The P60 is not a payslip. A payslip covers a single pay period. The P60 summarises the entire tax year: total gross pay, income tax deducted, National Insurance contributions across three earnings bands, all six categories of statutory payment where applicable, and any student or postgraduate loan deductions made via payroll [2]. All of that information sits inside a single document, produced once a year by the employer's payroll software.
This guide covers what the P60 contains, who must receive one, how employees use it, what to do when one goes missing or contains an error, and what payroll software must produce to meet the HMRC specification.
Key takeaways
- Every employer must issue a P60 to each employee still on payroll on 5 April, by no later than 31 May [1].
- The P60 now includes six statutory payment categories: SMP, SPP, ShPP, SAP, SPBP and SNCP. Statutory Neonatal Care Pay is the most recently added field.
- Employees on sick leave, maternity leave or parental leave who have not resigned are still in employment on 5 April and must receive a P60 [2].
- Digital P60s are fully legal and widely accepted by lenders and HMRC.
- An inaccurate payrun produces an inaccurate P60: the certificate is a downstream output of the payroll record.
What the P60 Is
The P60 is the end-of-year certificate an employer generates for every employee in employment on 5 April, the final day of the UK tax year [1]. The current form version for the 2026-27 tax year is HMRC 12/25, covering the year ending 5 April 2027 [3].

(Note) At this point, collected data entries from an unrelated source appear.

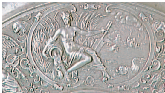
Détail du bassin de la Tempérance
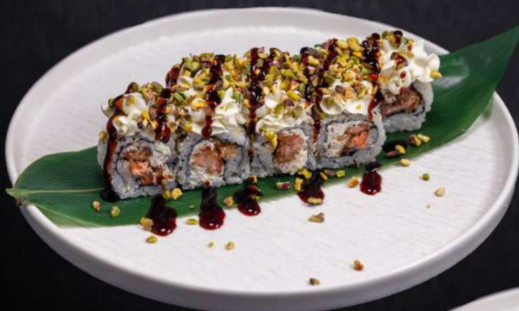
220 FLY PISTACCHIO MAKI(8PZ) salmone fritto e philadelphia pistacchio € 10.00
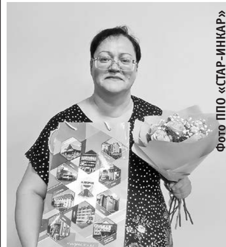
Фото ППО «СТАР-ИНКАР»

В канун 75-летия Пермского крайсовпрофа в группе «Профсоюзный курьер» в социальной сети «ВКонтакте» был объявлен онлайн-тест «Знатоки от профсоюзов», посвященный истории профсоюзов Прикамья.

HMRC does not produce P60s. The employer's payroll software generates the form from the payroll records accumulated during the year. UK payroll software that holds the HMRC Recognised badge must generate P60s that comply with the official field specification and, where issued digitally, meet HMRC's standards for electronic issuance.
Who must receive a P60
Only employees in employment on 5 April receive a P60 [2]. Employees who left the employer during the tax year receive a P45 at the point of departure instead, so a P60 is not issued to them.
Several categories of employee are commonly overlooked at year end:
- Employees on long-term sick leave who have not formally resigned remain in employment and must receive a P60 [2].

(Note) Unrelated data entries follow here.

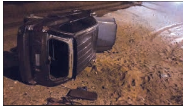
المركبة بعد انقلابها على طريق السالمي
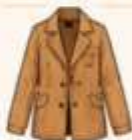
เสื้อแจ็กเก็ต หรือโค้ทตัวยาว
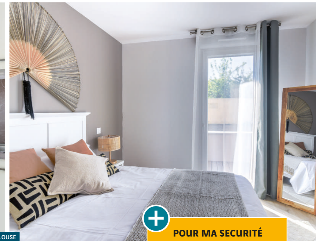
APPARTEMENT TÉMOIN À TOULOUSE

“ Le confort et la sécurité d'un logement adapté

- Employees on maternity, paternity, adoption or shared parental leave retain their employment status throughout the leave period.
- Employees on secondment abroad remain employed by the UK entity and fall within the same rule.
- Occupational pensioners receiving a pension from a former employer receive a P60 for that pension income, because PAYE applies to occupational pension payments in the same way as employment income [3].
An employer who employed the same worker more than once during the tax year issues a single P60, incorporating the combined figures from both periods of employment.
The 31 May deadline
The law sets 31 May as the latest date for issuing the P60 [1]. For the 2026-27 tax year, that falls on 31 May 2027. The deadline applies regardless of whether the P60 is issued on paper or electronically.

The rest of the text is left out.